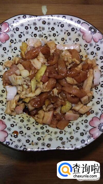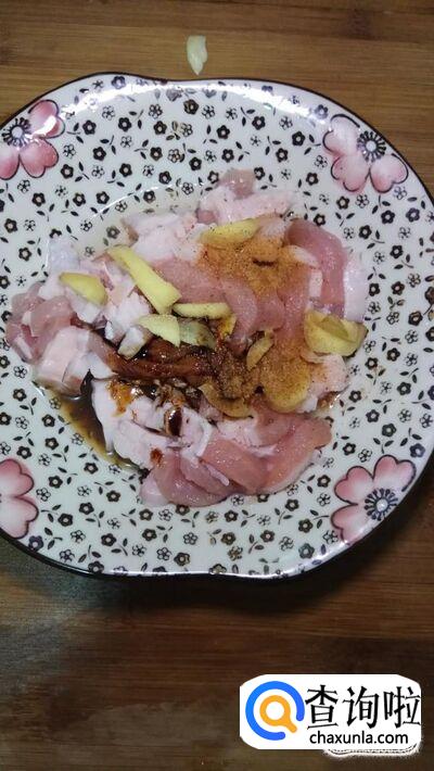 准备适量五花肉,放入适量料酒,生抽,姜,腌制20分钟。
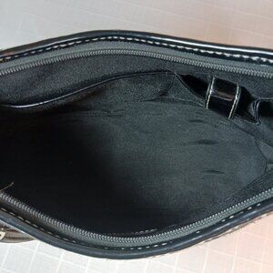 Vintage woven Talbots shoulder bag with Patent Leather straps, side detail and trim. Bamboo, studded metal and leather tassels on main zipper. This bag is in excellent pre-owned condition.
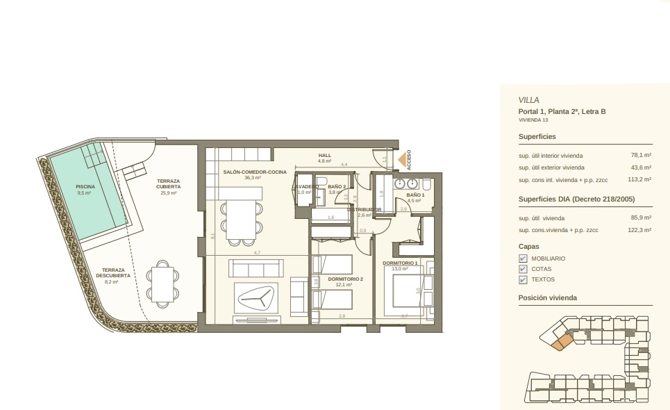 Interiören i dessa bostäder är utformad för att erbjuda maximal komfort och funktionalitet. Golv i porslinsplattor ger en modern och elegant touch, medan luftkonditioneringssystemet garanterar en behaglig temperatur året runt. Köken är utrustade med högkvalitativa vitvaror, och inbyggda garderober erbjuder gott om förvaringsutrymme. Säkerhet och komfort förstärks med installation av videoporttelefon i varje enhet.
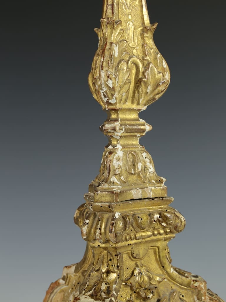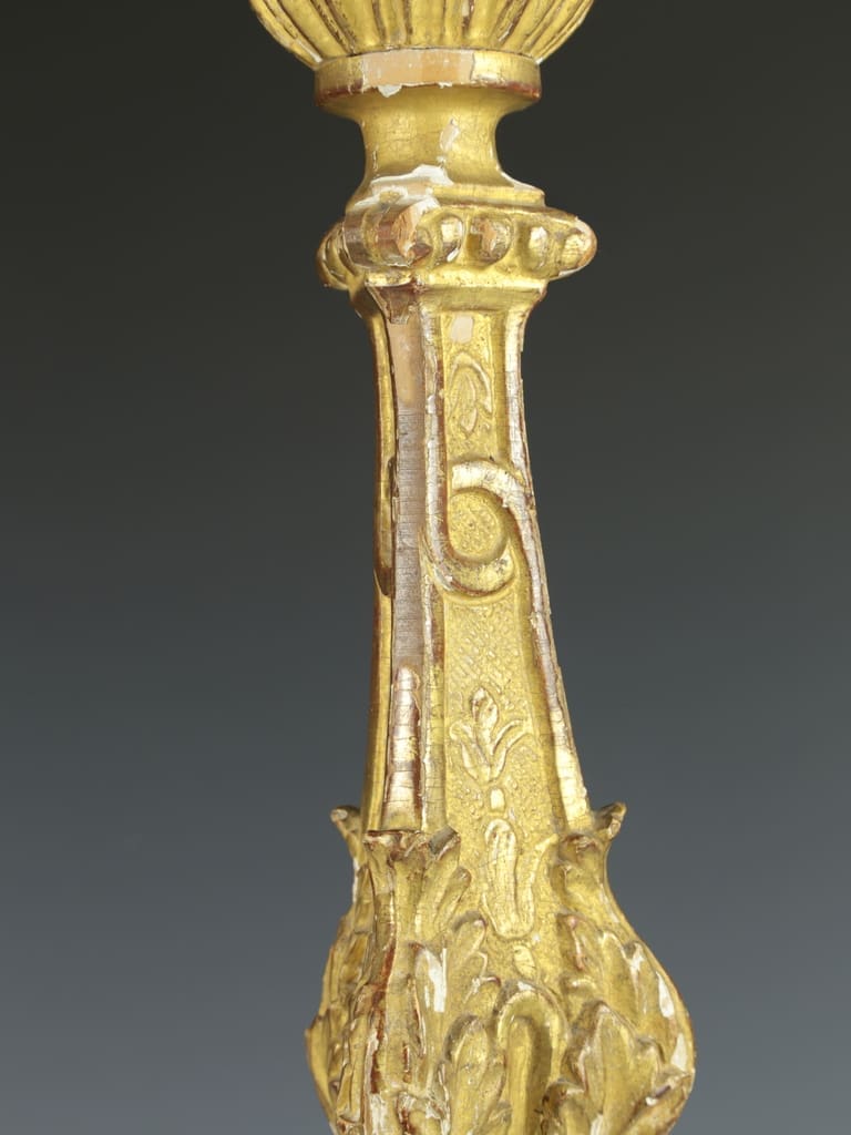 This decorative Italian altar candlestick, dating from the late 17th to early 18th century, is a remarkable piece of history. Hand-carved in wood and adorned with gesso and gilding, it would have originally graced a Palazzo or church altar.
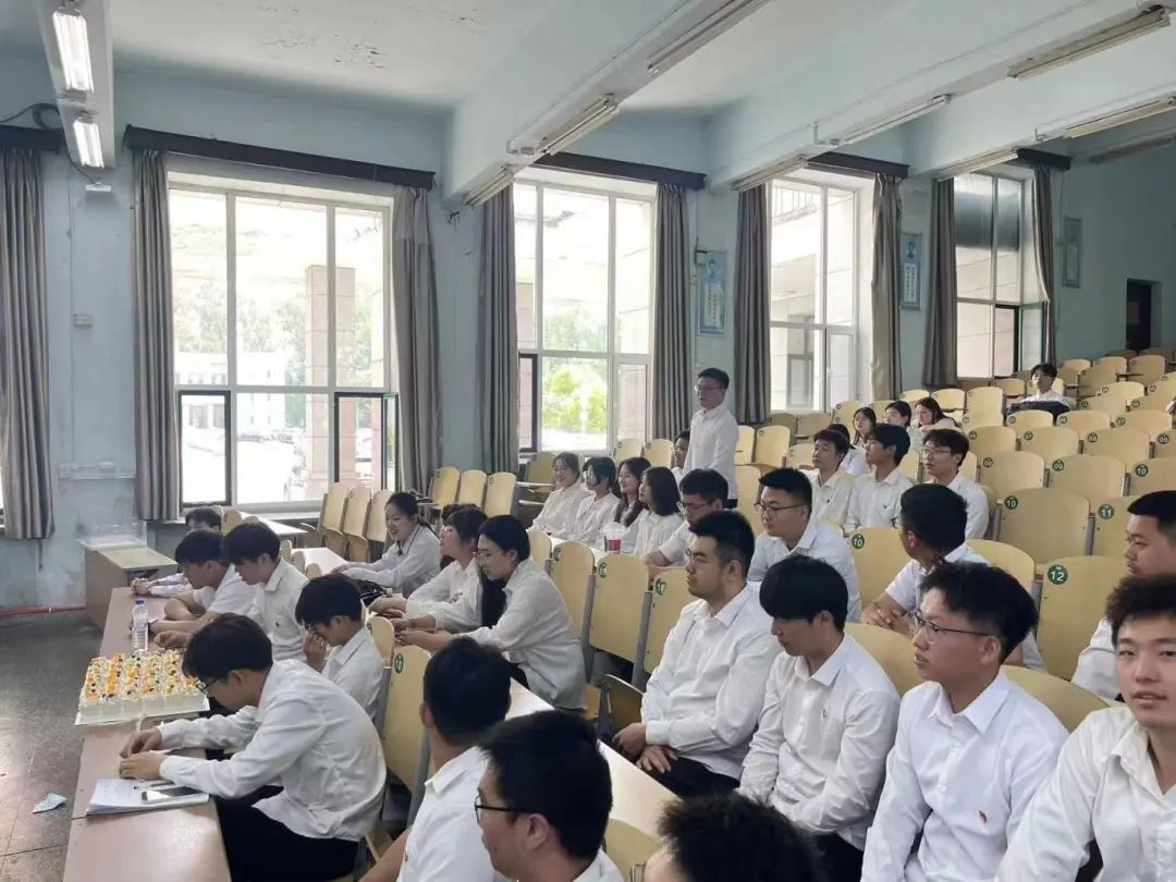 毕业生党员代表刘坤、王凯生、曹宇、逯帅男等同志分享了自己的入党初心、毕业感想,并对离校后继续发挥党员的先锋模范作用进行表态。在校生党员代表为毕业生党员送上准备好的蛋糕,与毕业生党员共同记录这难忘时刻。
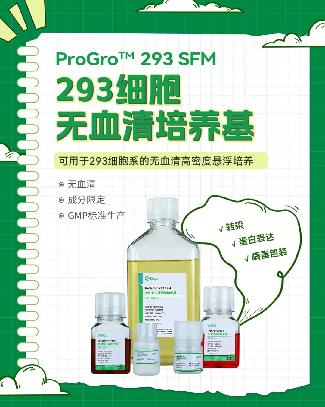 為幫助客戶能夠精準(zhǔn)選擇符合需求的產(chǎn)品,潔特生物特提供293細(xì)胞無(wú)血清培養(yǎng)基正裝免費(fèi)試用!正裝!正裝!正裝!重要的事說(shuō)三遍!你的培養(yǎng)基潔特生物為你買單!
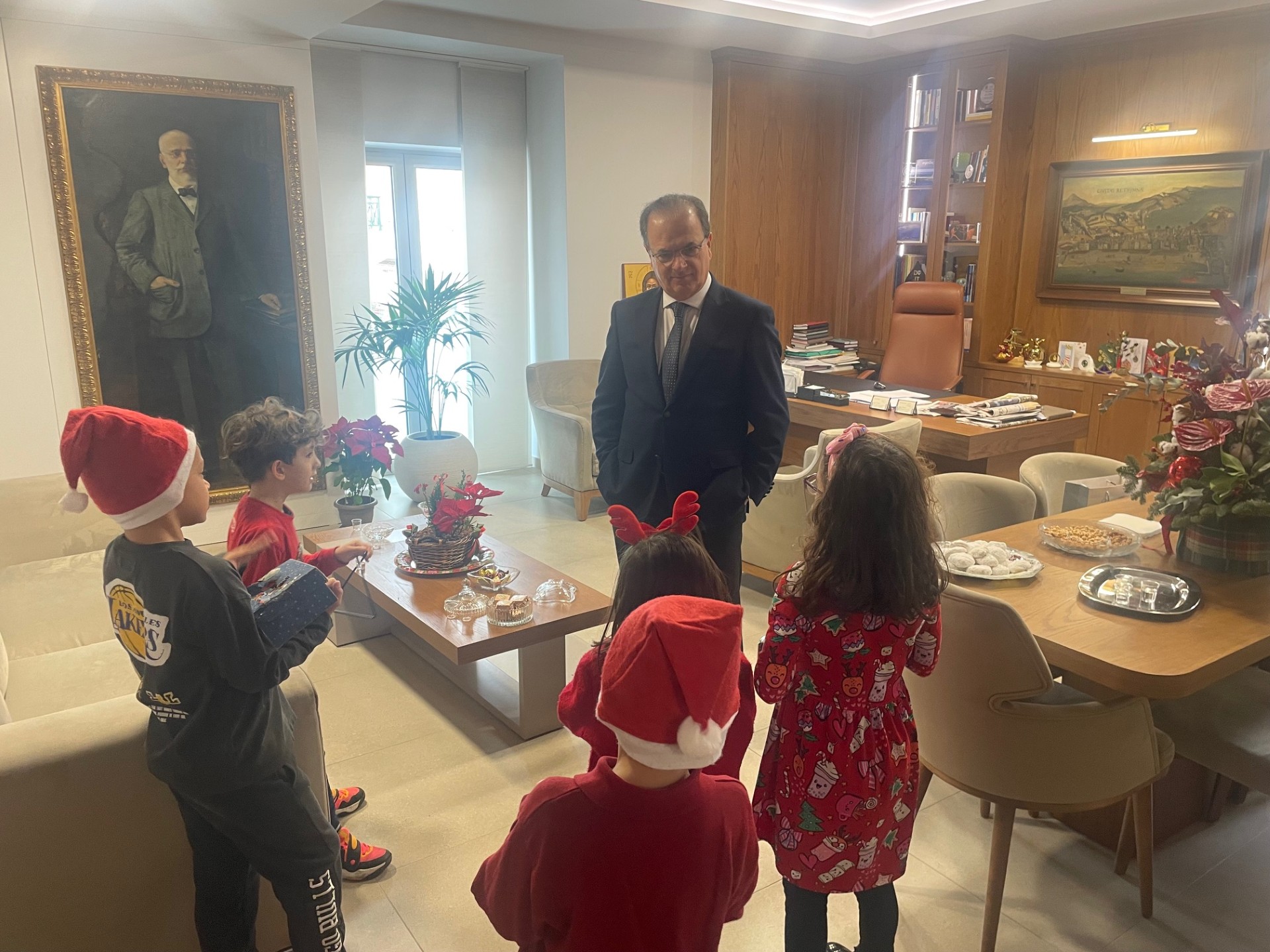 Εκτός από τις τρεις προγραμματισμένες επισκέψεις ο Δήμαρχος Ρεθύμνης άκουσε επίσης τα χαρμόσυνα κάλαντα της ημέρας από πολλές ομάδες παιδιών που τα υποδέχθηκε με μεγάλη χαρά στο γραφείο του, τα τράταρε και τους ευχήθηκε υγεία, δύναμη και πρόοδο.
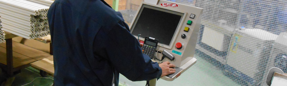 三恵の製品加工の多くは異形押し出し製品長寸法の加工が占めます。
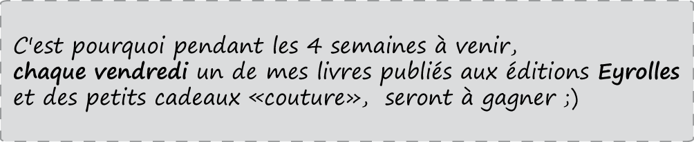 Au mois d'octobre, j'avais envie de vous gâter, de vous remercier d'être toujours plus nombreuses et nombreux à me suivre sur Facebook et sur Instagram, à venir ici sur le blog comme sur le site, mais aussi d'aller à la rencontre de mes livres et de mes ateliers de couture.
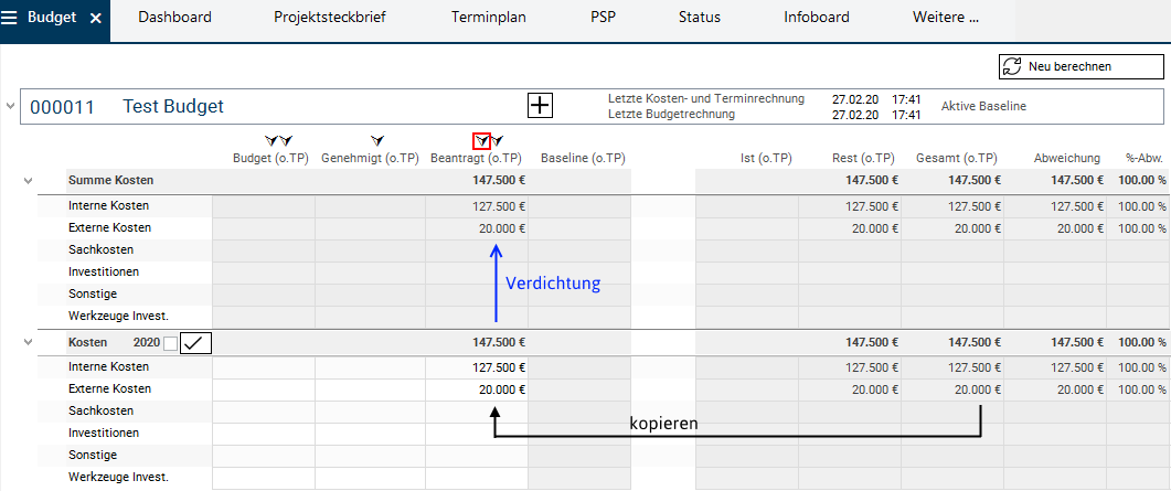 • Sobald die Teilprojekte budgetiert wurden (die Spalte Budget (o.TP) in den Teilprojekten gefüllt ist) und die Schaltfläche Neu berechnen betätigt wurde, werden die Budget-Werte verdichtet.
|---|
▶ **What the task requires**
Using the data above, retype exactly the lines from the line with "This decorative Italian" to the line with "Εκτός από τις", inclusive. No pictures and nothing else.

▶ **Expected output**
 This decorative Italian altar candlestick, dating from the late 17th to early 18th century, is a remarkable piece of history. Hand-carved in wood and adorned with gesso and gilding, it would have originally graced a Palazzo or church altar.
 毕业生党员代表刘坤、王凯生、曹宇、逯帅男等同志分享了自己的入党初心、毕业感想,并对离校后继续发挥党员的先锋模范作用进行表态。在校生党员代表为毕业生党员送上准备好的蛋糕,与毕业生党员共同记录这难忘时刻。
 為幫助客戶能夠精準(zhǔn)選擇符合需求的產(chǎn)品,潔特生物特提供293細(xì)胞無(wú)血清培養(yǎng)基正裝免費(fèi)試用!正裝!正裝!正裝!重要的事說(shuō)三遍!你的培養(yǎng)基潔特生物為你買單!
 Εκτός από τις τρεις προγραμματισμένες επισκέψεις ο Δήμαρχος Ρεθύμνης άκουσε επίσης τα χαρμόσυνα κάλαντα της ημέρας από πολλές ομάδες παιδιών που τα υποδέχθηκε με μεγάλη χαρά στο γραφείο του, τα τράταρε και τους ευχήθηκε υγεία, δύναμη και πρόοδο.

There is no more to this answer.